Agora, depois de tantas esperanças de que o AGP se consubstanciasse em paz efectiva, e uma sociedade gerida em moldes democráticos emergisse, os moçambicanos chocam-se mais uma vez com logros arquitectados por políticos que se têm por astutos e infalíveis.
Esta fórmula foi denunciada por milhões de moçambicanos em sucessivos processos eleitorais, mas uma máquina afinada e sofisticada de adulteração da vontade popular impediu que as vitórias justas e limpas fossem proclamadas e homologadas.
Com a chegada da crise decorrente da palhaçada eleitoral de Outubro de 2014, e face à relutância de os verdadeiros vencedores aceitarem o veredicto homologado pelo CC, verifica-se uma atrapalhação estratégica por parte dos “arrancadores da vitória”.
O PR está colocado numa situação difícil de ter que lidar com um “dossier” e uma herança para a qual não estava preparado. Foi-lhe dado um “presente envenenado”, que ele tem de gerir com uma atenção especial, pois qualquer passo em falso pode ser a faísca que provoca a explosão.
O que se verifica e se pode constatar é que existe uma obsessão pelo poder.
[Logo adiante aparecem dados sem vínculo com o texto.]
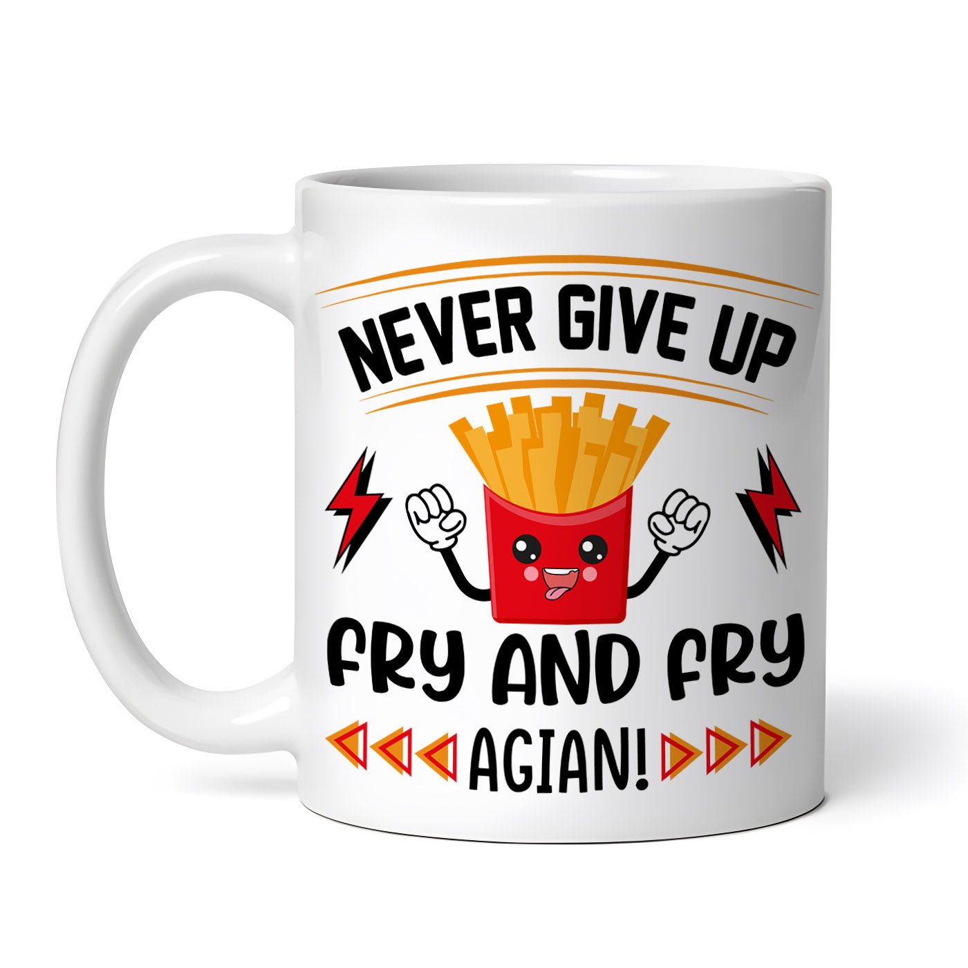 Cana ceramica, Never give up Fry and fry again, NO4429, 330 ml, Multicolor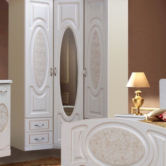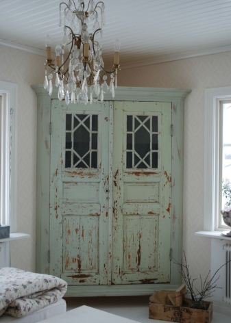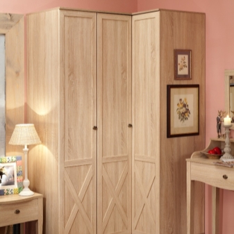 Ъглов шкаф в стила на френско село е чудесно решение за интериора на малка стая. Добре е всички останали мебели и декор да са в същия стил..

Um grupo de “distintos” moçambicanos não se consegue ver na oposição, embora sinais concretos como as sucessivas derrotas autárquicas indiquem que uma derrota geral estava em hibernação. Há um entendimento generalizado de que, num jogo sujo, o vencedor tornou-se derrotado e o vencedor proclamado, uma vez assegurada uma base mínima de funcionalidade, já não quer respeitar acordos de cavalheiros.
A máquina partidária de suporte do executivo governamental dá por encerrada uma questão que se apresenta aberta e tornando-se a cada dia num foco de instabilidade.
Mas quando se exige seriedade e alta capacidade de análise e de negociação, choca-se com cenários de irredutibilidade, de inflexibilidade e de relutância em aceitar-se compromissos, ceder para receber.
Movidos e imbuídos numa controversa tese de “empoderamento” ilícito rápido copiado dos manuais do “Empoderamento” Económico Negro da vizinha África do Sul, a elite político-financeira moçambicana não consegue descortinar o que realmente garante a sua sobrevivência.
Os “libertadores” entregaram a tocha a uma nova geração, mas, na realidade, continuam a controlar os instrumentos do poder.
Um deles até teria dito no passado que receavam entregar o poder porque a nova geração poderia vender o país. Mas o que sobressai é que receiam as derrotas que se acumulam e que revelam que o seu modelo e prescrições para o desenvolvimento de Moçambique tem falhado e sido realmente recusado pela maioria dos moçambicanos.
Quem se refugia na ditadura, na imposição e no despotismo é um perigo para a democracia, e isso tem sido visto todos os dias.
Quem ganha “arrebanhando” professores para participarem e concretizarem fraudes é um perigo real para a moçambicanidade envolvente e concreta.
Quem vende “Unidade Nacional” como panaceia para todos os nossos problemas, mas que, na realidade, fecha o acesso e promove assimetrias, sente-se em perigo quando emergem forças sociais e políticas fazendo exigências democráticas.
Quem negoceia com o objectivo de adiar o óbvio e as reais aspirações de milhões dos seus compatriotas, coloca-se contra o bem geral em defesa das suas vantagens privadas.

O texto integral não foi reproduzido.